§ **Required action**: Give again the line that contains "迷你巴拉巴拉男童女童卫衣冬一家三口儿童红色萌趣联名新年亲子装", plus every line after it to the end of the records, unchanged.

══════════════════════════════

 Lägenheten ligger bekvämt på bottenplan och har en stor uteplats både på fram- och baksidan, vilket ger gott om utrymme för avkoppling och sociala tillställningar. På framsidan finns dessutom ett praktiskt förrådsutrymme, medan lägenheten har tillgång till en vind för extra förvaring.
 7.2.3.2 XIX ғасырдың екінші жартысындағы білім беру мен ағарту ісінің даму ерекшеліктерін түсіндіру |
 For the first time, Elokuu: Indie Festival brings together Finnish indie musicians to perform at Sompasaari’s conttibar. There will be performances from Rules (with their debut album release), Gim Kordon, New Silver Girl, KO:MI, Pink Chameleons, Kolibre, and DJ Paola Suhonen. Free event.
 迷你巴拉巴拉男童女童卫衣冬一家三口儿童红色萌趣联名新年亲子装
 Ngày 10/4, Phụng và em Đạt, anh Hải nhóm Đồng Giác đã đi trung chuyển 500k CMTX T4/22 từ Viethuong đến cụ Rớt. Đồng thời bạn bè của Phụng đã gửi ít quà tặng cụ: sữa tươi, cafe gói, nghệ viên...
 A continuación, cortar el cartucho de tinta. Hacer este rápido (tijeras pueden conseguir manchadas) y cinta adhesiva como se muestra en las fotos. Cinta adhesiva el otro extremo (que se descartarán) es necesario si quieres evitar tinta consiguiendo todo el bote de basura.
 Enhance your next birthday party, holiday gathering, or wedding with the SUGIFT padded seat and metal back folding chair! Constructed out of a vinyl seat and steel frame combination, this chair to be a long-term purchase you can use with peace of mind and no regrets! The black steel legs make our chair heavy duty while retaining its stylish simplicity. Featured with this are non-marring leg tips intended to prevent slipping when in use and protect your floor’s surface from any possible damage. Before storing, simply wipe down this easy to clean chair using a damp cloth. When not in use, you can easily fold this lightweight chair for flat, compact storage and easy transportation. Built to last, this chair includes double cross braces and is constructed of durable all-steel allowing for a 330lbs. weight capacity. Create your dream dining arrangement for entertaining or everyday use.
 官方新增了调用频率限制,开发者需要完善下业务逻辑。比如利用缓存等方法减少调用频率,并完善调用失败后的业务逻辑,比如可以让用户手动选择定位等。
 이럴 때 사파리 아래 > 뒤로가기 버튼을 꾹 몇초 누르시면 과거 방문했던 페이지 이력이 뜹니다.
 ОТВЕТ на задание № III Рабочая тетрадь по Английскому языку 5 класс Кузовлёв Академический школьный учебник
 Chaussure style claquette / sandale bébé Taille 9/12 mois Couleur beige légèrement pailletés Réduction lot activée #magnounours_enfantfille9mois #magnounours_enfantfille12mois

══════════════════════════════

§ **Exercise response**:
 迷你巴拉巴拉男童女童卫衣冬一家三口儿童红色萌趣联名新年亲子装
 Ngày 10/4, Phụng và em Đạt, anh Hải nhóm Đồng Giác đã đi trung chuyển 500k CMTX T4/22 từ Viethuong đến cụ Rớt. Đồng thời bạn bè của Phụng đã gửi ít quà tặng cụ: sữa tươi, cafe gói, nghệ viên...
 A continuación, cortar el cartucho de tinta. Hacer este rápido (tijeras pueden conseguir manchadas) y cinta adhesiva como se muestra en las fotos. Cinta adhesiva el otro extremo (que se descartarán) es necesario si quieres evitar tinta consiguiendo todo el bote de basura.
 Enhance your next birthday party, holiday gathering, or wedding with the SUGIFT padded seat and metal back folding chair! Constructed out of a vinyl seat and steel frame combination, this chair to be a long-term purchase you can use with peace of mind and no regrets! The black steel legs make our chair heavy duty while retaining its stylish simplicity. Featured with this are non-marring leg tips intended to prevent slipping when in use and protect your floor’s surface from any possible damage. Before storing, simply wipe down this easy to clean chair using a damp cloth. When not in use, you can easily fold this lightweight chair for flat, compact storage and easy transportation. Built to last, this chair includes double cross braces and is constructed of durable all-steel allowing for a 330lbs. weight capacity. Create your dream dining arrangement for entertaining or everyday use.
 官方新增了调用频率限制,开发者需要完善下业务逻辑。比如利用缓存等方法减少调用频率,并完善调用失败后的业务逻辑,比如可以让用户手动选择定位等。
 이럴 때 사파리 아래 > 뒤로가기 버튼을 꾹 몇초 누르시면 과거 방문했던 페이지 이력이 뜹니다.
 ОТВЕТ на задание № III Рабочая тетрадь по Английскому языку 5 класс Кузовлёв Академический школьный учебник
 Chaussure style claquette / sandale bébé Taille 9/12 mois Couleur beige légèrement pailletés Réduction lot activée #magnounours_enfantfille9mois #magnounours_enfantfille12mois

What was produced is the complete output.